* What the task asks
Transcribe the lines below verbatim, skipping the images.

Stored data:

──────────

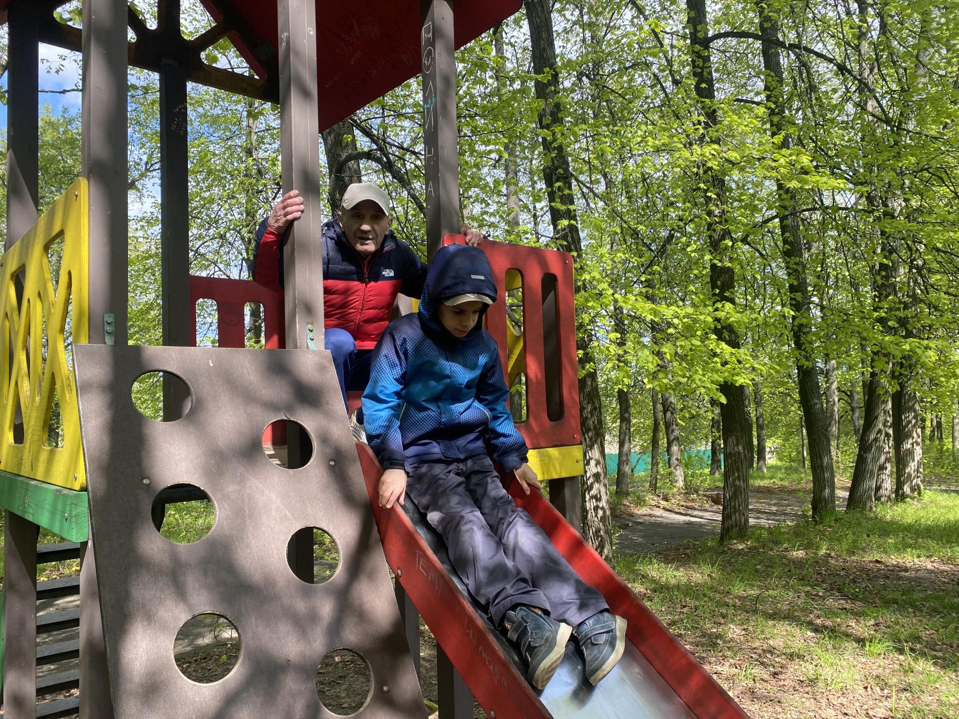 Серебряный волонтёр пансионата, Лебедев Александр Алексеевич, активист различного рода мероприятий, в том числе один из участников проекта #ВнукиДеда. Сегодня Александр встретился со своим внуком Тимофеем. Приятно осознавать, что именно в этой семье дедушка важен и нужен. Вместе играли в футбол, катались на горке, качелях, бегали и много смеялись. Прогулка в парке принесла новый заряд бодрости на весь день и отличное настроение. В завершении встречи дедушка подарил внуку сладкий подарок
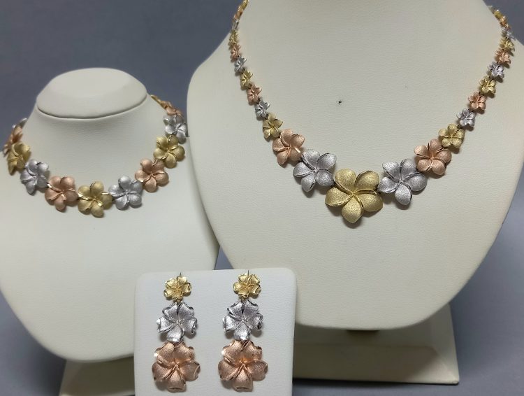 Złoto próby 585 w trzech kolorach: białym, żółtym i różowym.
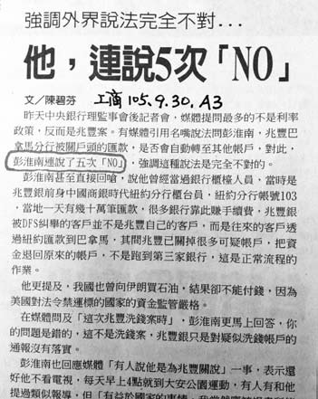依據媒體工商時報105-9-30報導有提到彭總裁稱:兆豐銀沒被㺯國科以涉及洗錢,只是美國規定申報表格項目疏忽理會未予申報,事後要求主事銀行主管高層出面解釋也未被遵重或理會才被美國主管官署科予重罰。基於美國國家安全考量,美國紐約金融監督機構持續必然祭出更嚴格的反恐反洗錢規定,因此紐約的台灣金融機構要因應作好美國BAS要求SAR通報的每個細節,站在人家土地上做生意當然要慎重處理,今後法律遵循成本是省不了,一定要納入金融業的經營成本。
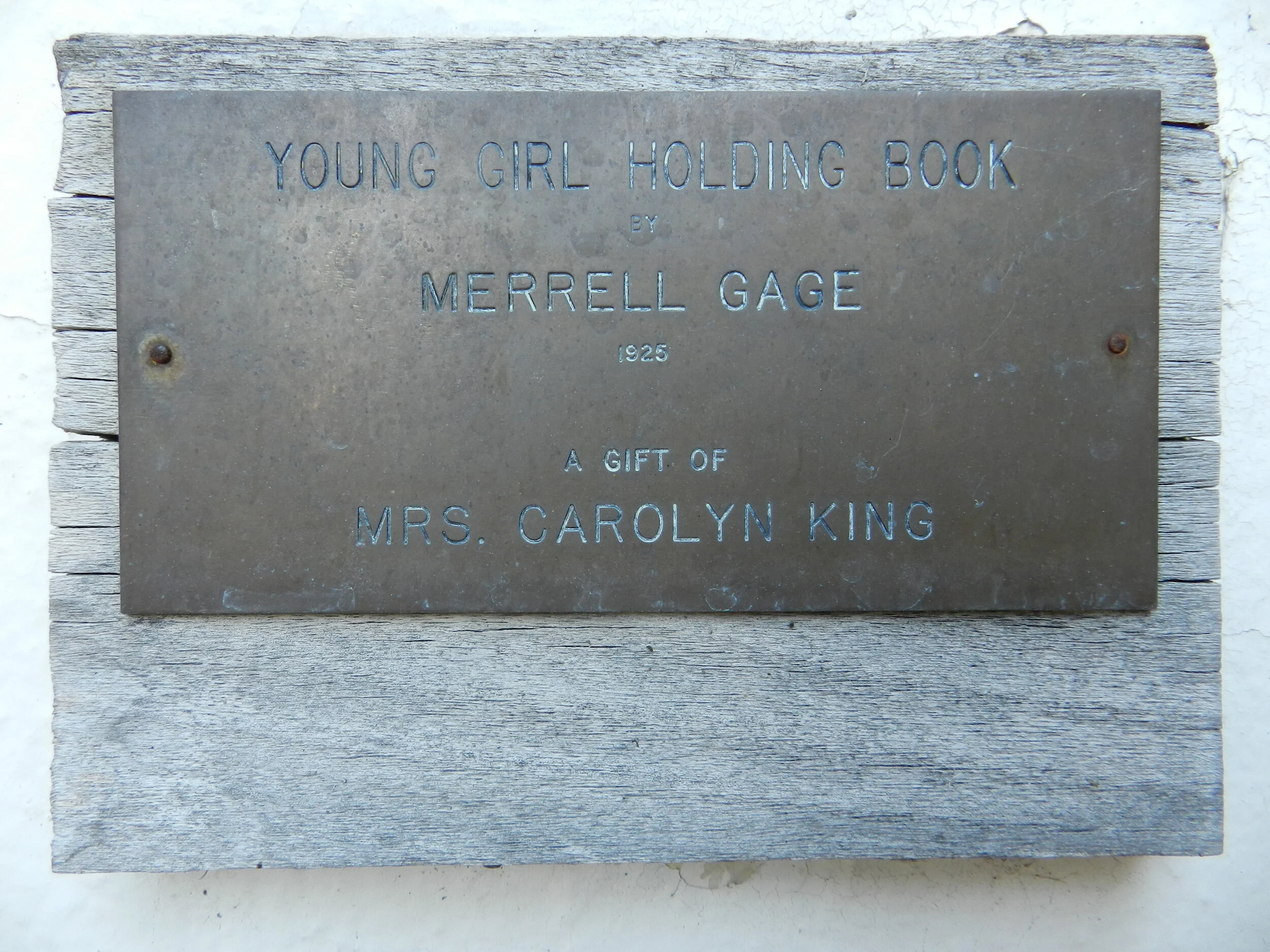 The sculpture “Young Girl Reading” (40” x 70” bronze panel), a gift of Mrs. Carolyn King, was dedicated on December 12, 1925. It was located in the reading court until the 1950s; since then it has been on the Athenaeum’s patio.
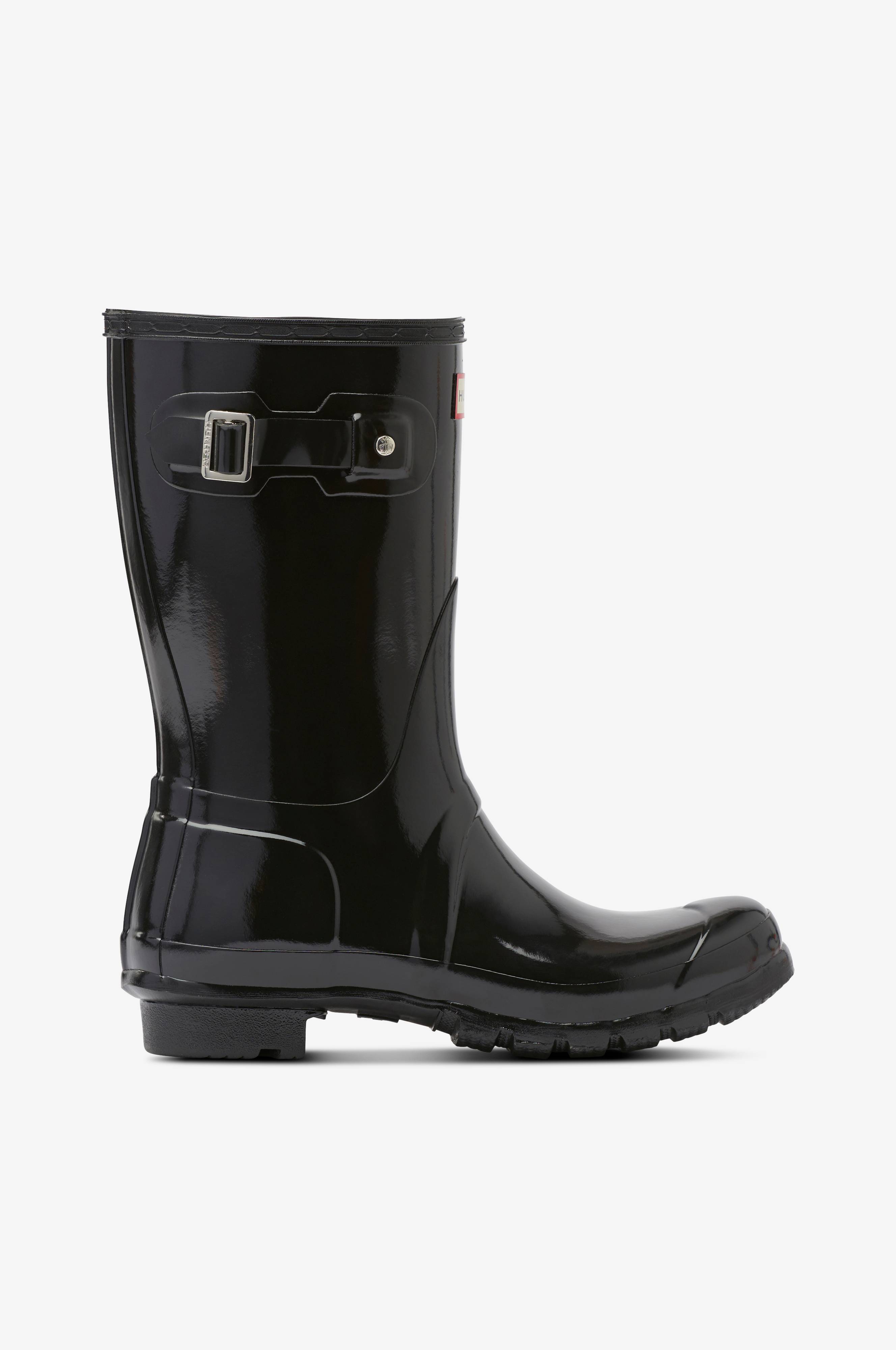 Hunter Womens Original Short Gloss -kumisaappaat. Käsintehty malli kestävää ja vedenpitävää luonnonkumia. Kiiltävä pinta. Miellyttävä sisäpinta polyesteriä parhaan mukavuuden varmistamiseksi. Koristesolki ja Hunter-merkki ylhäällä. Kuvioitu ulkopohja ja pieni korko. Varren korkeus n. 26 cm koossa 39.
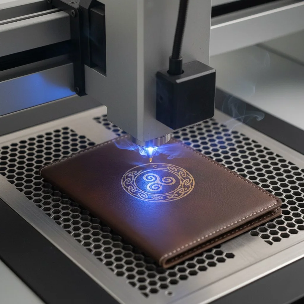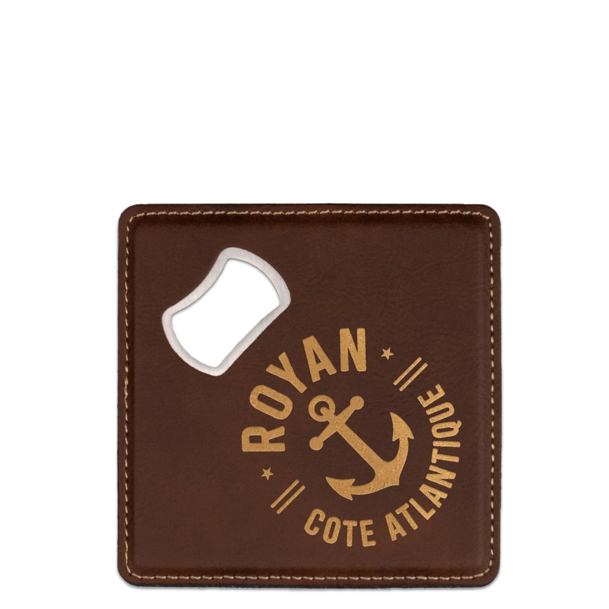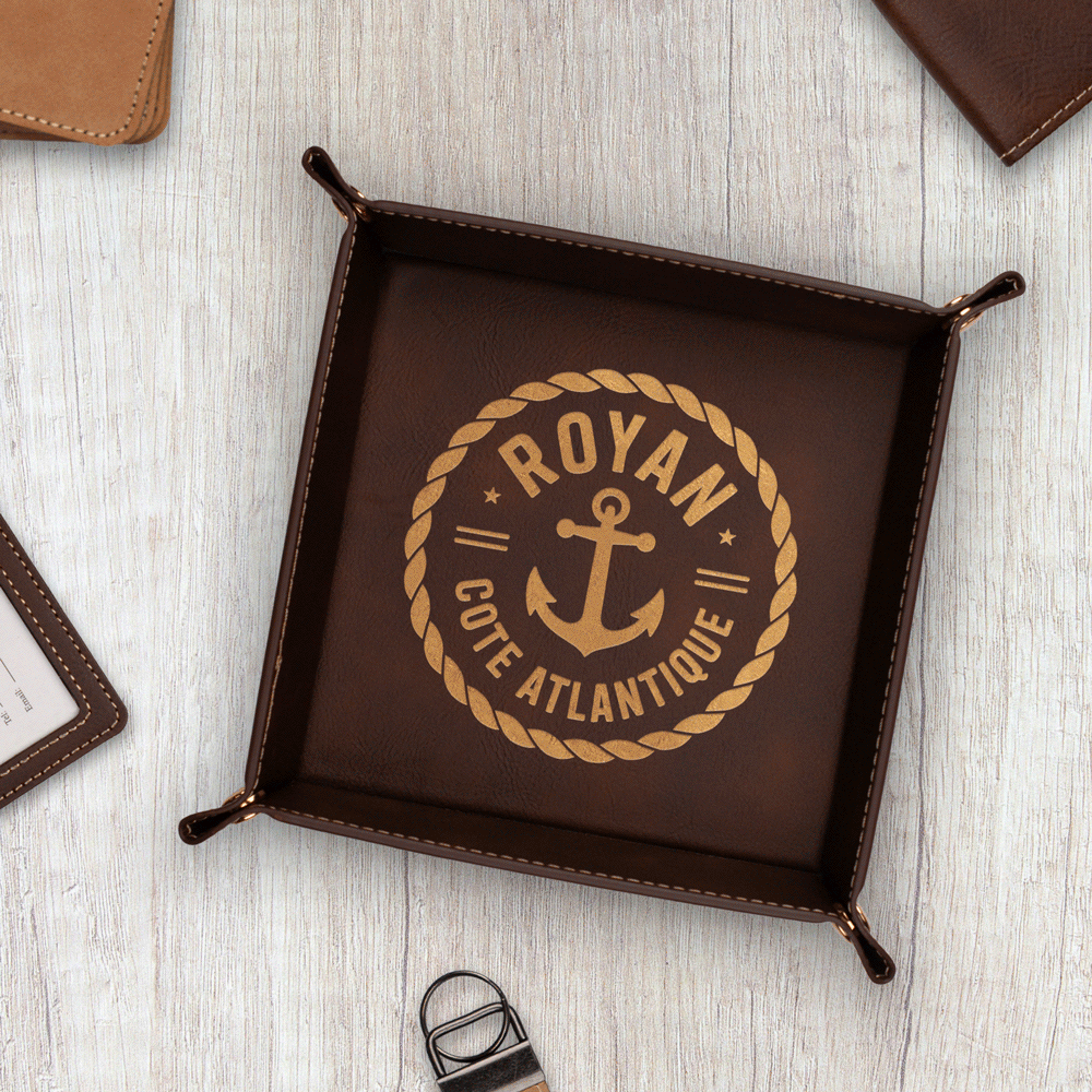 Nous utilisons un matériau exclusif, sans matière animale, qui imite parfaitement l’aspect du cuir. Ce support, associé à notre gravure laser, garantit un rendu qualitatif, net et durable.

──────────

* Task solution
 Серебряный волонтёр пансионата, Лебедев Александр Алексеевич, активист различного рода мероприятий, в том числе один из участников проекта #ВнукиДеда. Сегодня Александр встретился со своим внуком Тимофеем. Приятно осознавать, что именно в этой семье дедушка важен и нужен. Вместе играли в футбол, катались на горке, качелях, бегали и много смеялись. Прогулка в парке принесла новый заряд бодрости на весь день и отличное настроение. В завершении встречи дедушка подарил внуку сладкий подарок
 Złoto próby 585 w trzech kolorach: białym, żółtym i różowym.
依據媒體工商時報105-9-30報導有提到彭總裁稱:兆豐銀沒被㺯國科以涉及洗錢,只是美國規定申報表格項目疏忽理會未予申報,事後要求主事銀行主管高層出面解釋也未被遵重或理會才被美國主管官署科予重罰。基於美國國家安全考量,美國紐約金融監督機構持續必然祭出更嚴格的反恐反洗錢規定,因此紐約的台灣金融機構要因應作好美國BAS要求SAR通報的每個細節,站在人家土地上做生意當然要慎重處理,今後法律遵循成本是省不了,一定要納入金融業的經營成本。
 The sculpture “Young Girl Reading” (40” x 70” bronze panel), a gift of Mrs. Carolyn King, was dedicated on December 12, 1925. It was located in the reading court until the 1950s; since then it has been on the Athenaeum’s patio.
 Hunter Womens Original Short Gloss -kumisaappaat. Käsintehty malli kestävää ja vedenpitävää luonnonkumia. Kiiltävä pinta. Miellyttävä sisäpinta polyesteriä parhaan mukavuuden varmistamiseksi. Koristesolki ja Hunter-merkki ylhäällä. Kuvioitu ulkopohja ja pieni korko. Varren korkeus n. 26 cm koossa 39.
 Nous utilisons un matériau exclusif, sans matière animale, qui imite parfaitement l’aspect du cuir. Ce support, associé à notre gravure laser, garantit un rendu qualitatif, net et durable.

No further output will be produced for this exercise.